Standardized test scores are some measure of something. I'm not sure what it is having taken more than my fair share. I guess it depends on the objective. Sometimes it is a particular type of reasoning skill. But I think generally it is some ability to mimic. To learn what those before them perceive as valuable. Or what a bureaucrat believes is valuable. I realize there has to be some measurement of what we learn and I don't have the perfect answer. But many people have substantially better answers than the status quo.
Unfortunately, human creativity and ingenuity are the most valuable measure of intelligence for any career or self-fulfilling life and that cannot be measured. And if you arrogantly believe you can measure creativity and ingenuity as many do, then I have a test for you to take. If you can pass it, then I'll believe you. And if you can pass it, then you obviously knew Albert Einstein was going to change physics forever. To destroy the generally accepted beliefs of every brilliant physicist in the world at that time. The best our hallowed universities could produce. A reminder..... After graduation Einstein couldn't get a real job so he was a self-described miserable patent clerk who was in what would generally be considered a loser job for a physicist. Needless to say he wasn't even very good at it which only reinforced the perception of those who knew him that he would never be great at anything. That is, before everyone in the world of science was lapping his boots after he became the most recognizable name in the history of science. Heard that general thematic story before? Don't think that showed up on the standardized test form.

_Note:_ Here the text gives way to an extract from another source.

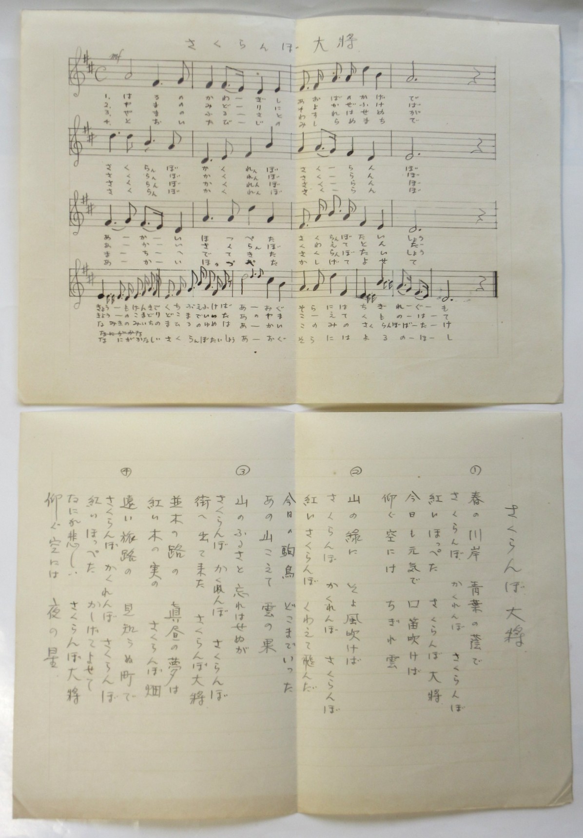 「さくらんぼ大将」手書き楽譜/歌詞

That Americans are now in a mad rush to send their young children to cram-like schools, a reactionary response to the perceived success of a concept entrenched in Asian culture perpetuated by marching morons like Thomas Friedman in his book The World is Flat. This dynamic of pushing our children into this type of educational dynamic is one of the greatest tragedies of our day. One that is completely and fatally flawed. Parents are simply filling their children's heads with the requests of the leviathan rather than encouraging development of free thought, free will, self determination and creativity. Ideals that truly define a great society. Not reciting the government's sanitized view of history or solving a quadratic equation.
I actually believed this bulloney when I took my first job after college. I was a little puppy dog with my willing ego lapping it all up. Of course, they didn't know I hacked my college records file and changed all of those one-legged A's (F's) into two-legged A's. For God's sake I'm kidding so I don't need some minion from the Department of Homeland Security contacting me about my act of terror. I am allowed to still tell jokes aren't I? Just making sure that the thought police haven't outlawed that one. Yes I realize terrorism is a serious issue. So go find them. I passed my last psych exam. (Those don't seem to work so well either.)
Anyway, McKinsey is close to being punted off of my blog link list for the ridiculousness that often graces the McKinsey Quarterly over the last few years. They are on the wrong side of so many macro issues that I feel like I am often reading propaganda. That is likely to bite them in the future as it will Government Sachs.